I don't know about "typical" purchasing departments (or personnel), but in the
example I was giving, they actually are working in the interests of the
corporation.

My point was that the interests of the corporation -- in this example -- are
different from the interests of those who devote more of their time to their
computers.

Here's one more anecdote: this same client recently replaced my inexpensive,
well-tuned, up-to-date, carefully-configured OpenBSD firewall for their
network with an off-the-shelf SonicWall device. That annoyed me, to say the
least, and I'm of the opinion that the move has made their network less secure
overall. On the other hand, I also realize that now they have a device with a
simple, easy-to-understand interface, so when they choose to replace me with a
full-time employee, they won't have to worry about whether the employee has
any OpenBSD experience. It also guarantees that I'm not hiding any funky
backdoors in their firewall, and hey, if there is a network incursion, then
they can go after the SonicWall company ... versus not having anyone to catch
the fault in the case that the OpenBSD box gets rooted.

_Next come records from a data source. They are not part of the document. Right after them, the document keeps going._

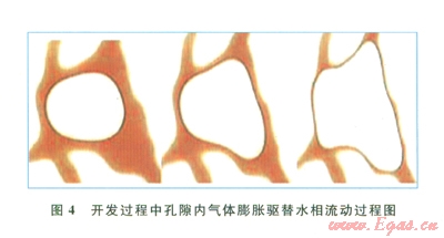 氣藏開發(fā)過程中,隨著儲層壓力逐步下降,壓力降傳導(dǎo)到孔隙內(nèi)的氣體時,氣體體積迅速膨脹,對孔隙表面水相進行擠壓,并對微細孔喉處的水相產(chǎn)生推動力,這種推動力只要大于某一微細孔喉處的毛細管力束縛,則這部分微細孔喉處及其控制的孔隙內(nèi)的殘余水就會被推動,從而運移產(chǎn)出成為可動水(圖4)。另一方面,開發(fā)過程遠遠快于成藏過程,因而開發(fā)過程中驅(qū)替壓力梯度大于成藏過程中的驅(qū)替壓力梯度,故成藏過程中部分末被驅(qū)出的水相可以在開發(fā)過程被驅(qū)替出,成為可動水。對于須家河組氣藏而言,由于微細孔喉發(fā)育,殘余水飽和度較高,衰竭式開發(fā)過程中壓力梯度大,因而可動水產(chǎn)出量較大,嚴重影響氣藏產(chǎn)能。
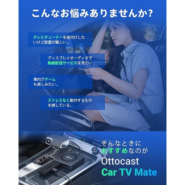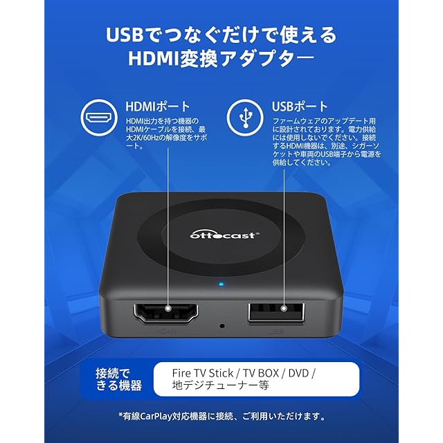 【Ottocast Car TV Mate】今回の新型carplay hdmiアダプターは有線のCarPlay搭載車専用のモノです。USBデータケーブルを使用して、お車のCarPlay対応USB口に挿して、有線CarPlayをHDMI高解像度入力に変換できます。Fire tv stickなどのストリーミングメディアプレイヤーやゲーム機等の外部HDMIデバイスを簡単に接続することができます。車カーナビでユーチューブやネットフリックスなどを観ることができます。
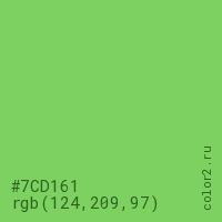 Цвет #7CD161 в цветовой модели RGB обозначается тремя октетами (124, 209, 97) в десятичном формате и #7CD161 в шестнадцатиричном (hex) формате, которые являются интенсивностью красного 124 (hex 7C), интенсивность зелёного 209 (hex D1) и интенсивность синего 97 (hex 61).
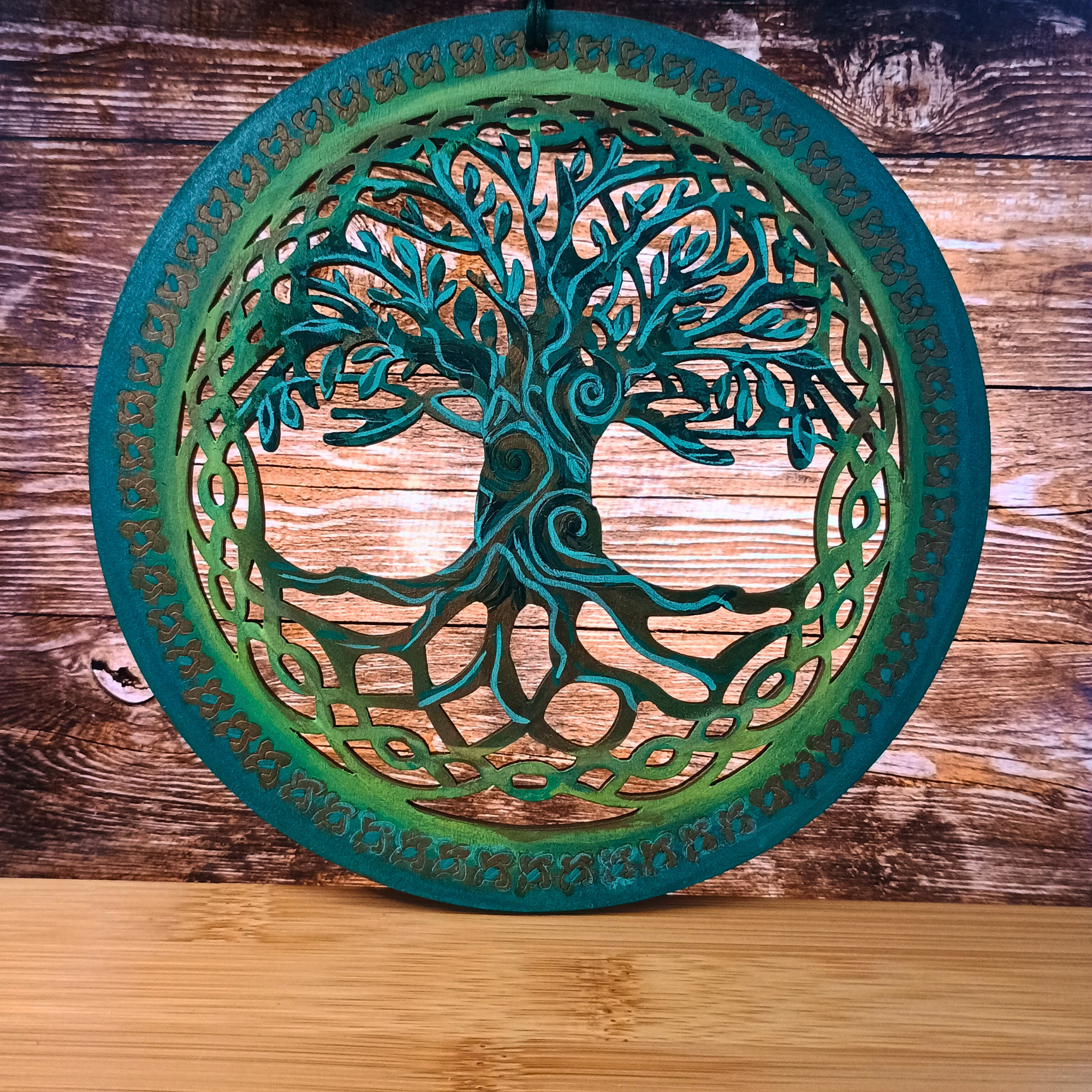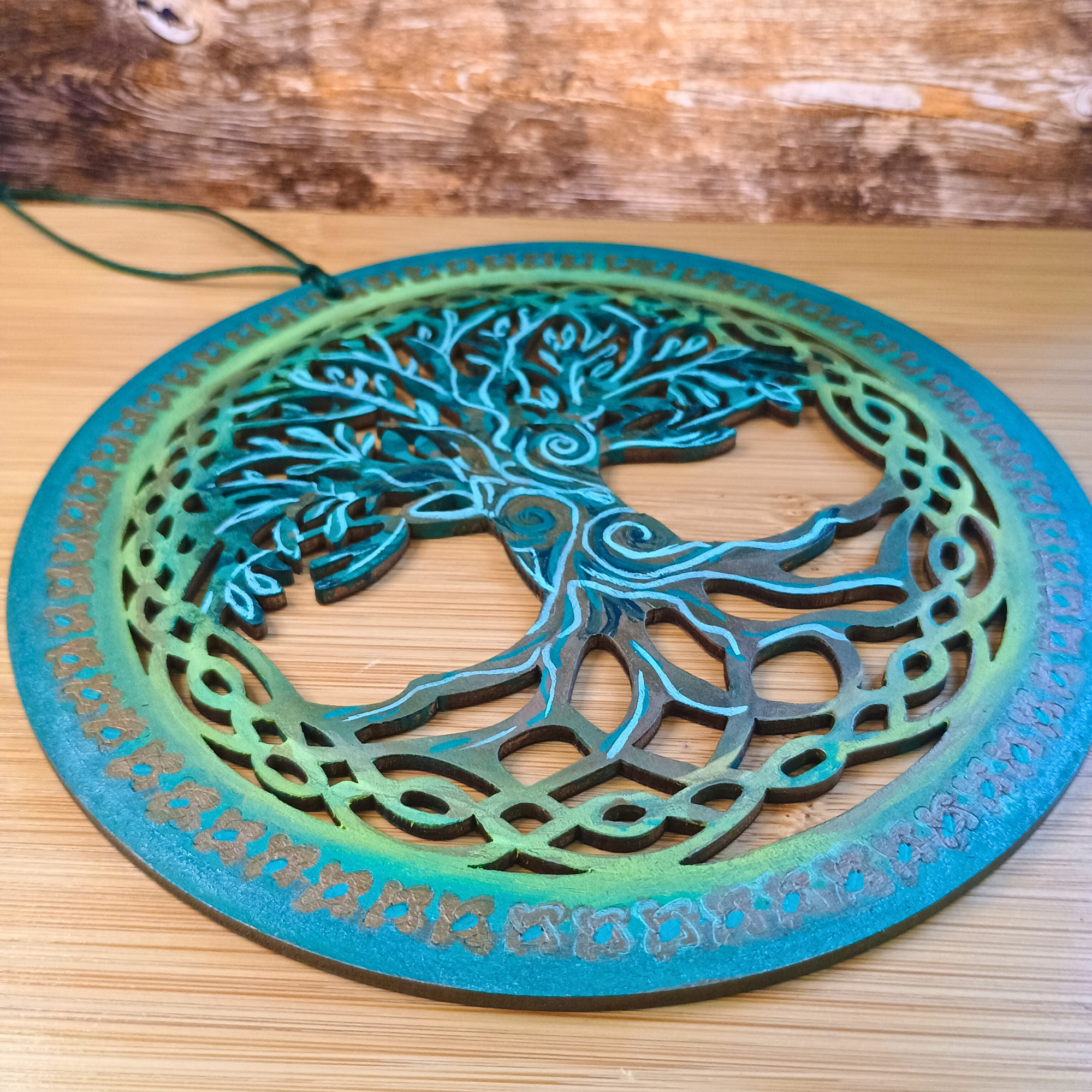 Yggdrasil Arbre de Vie peint sur bois- Inspiration Mythologie Norroise
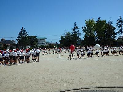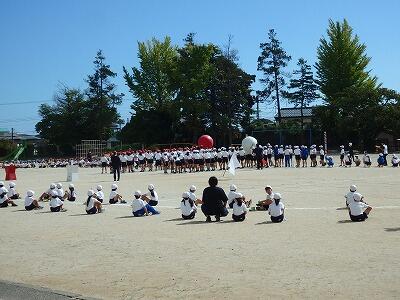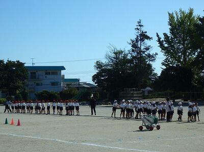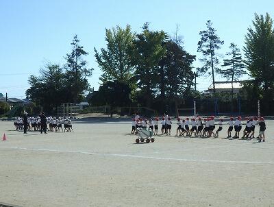 運動会のフィナーレを飾る種目です。競技するだけではなく、入退場の動き・待機するときの態度など、しっかり学んでいました。
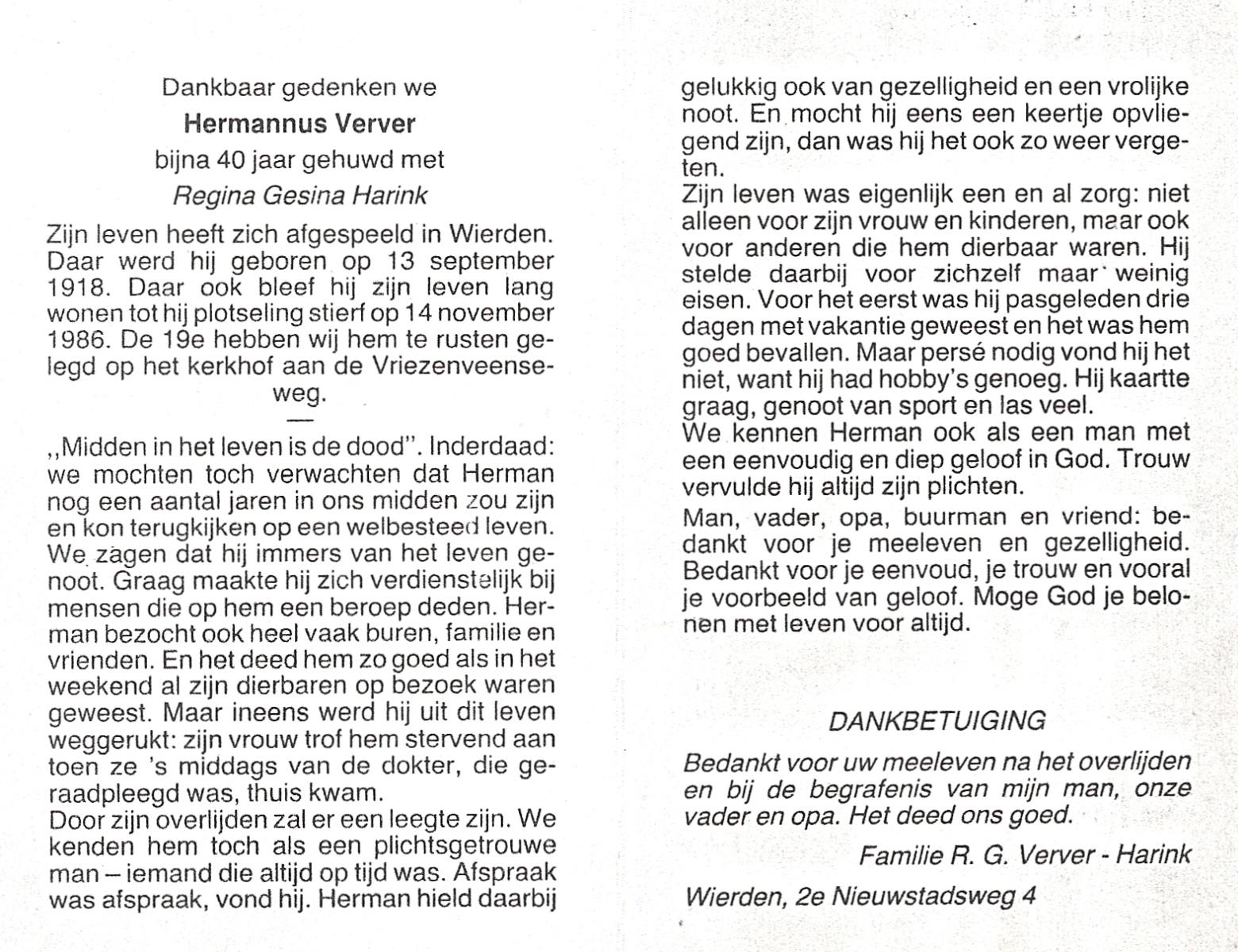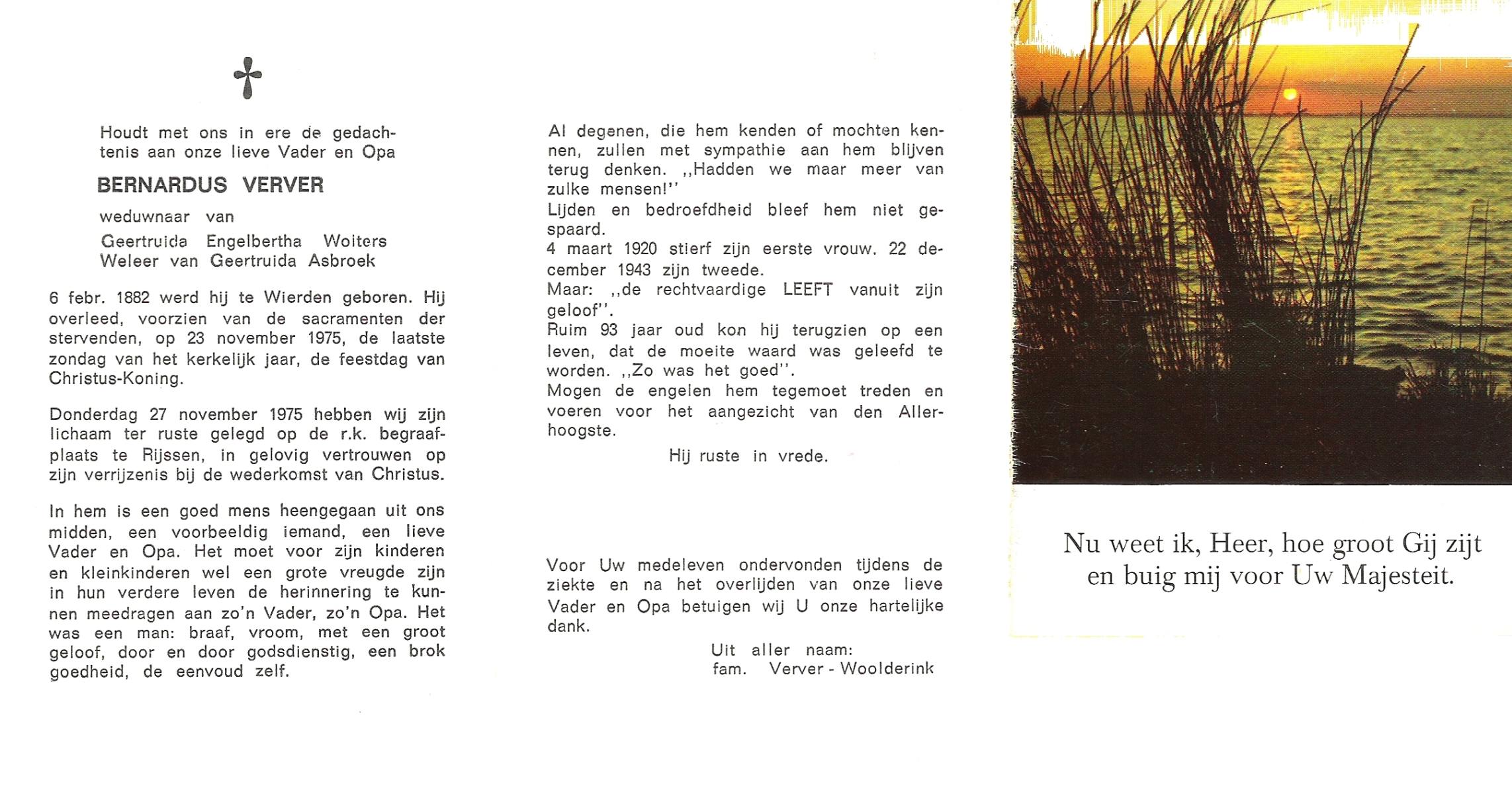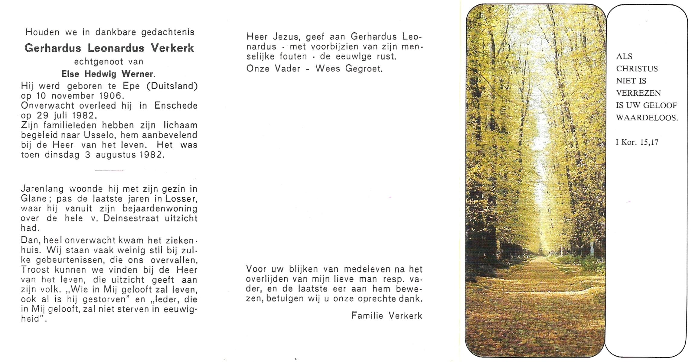 VERWEG, Jans, geboren op 1-2-1904 te Slagharen, overleden op 30-6-1978 te Hardenberg op 74-jarige leeftijd, begraven op 4-7-1978 te Slagharen kerkhof de Belte.

I don't want to come across as mean here, but honestly, if someone can't
understand why corporations aren't using more open source software, then they
don't have much experience with corporations.

------
dwwoelfel
Twelve years ago, Microsoft found itself in a courtroom opposite the US
Department of Justice for including native internet browsing support. The
conclusion of that case was that Microsoft is not allowed to add "products" to
their operating system. I think a PDF reader constitutes a product.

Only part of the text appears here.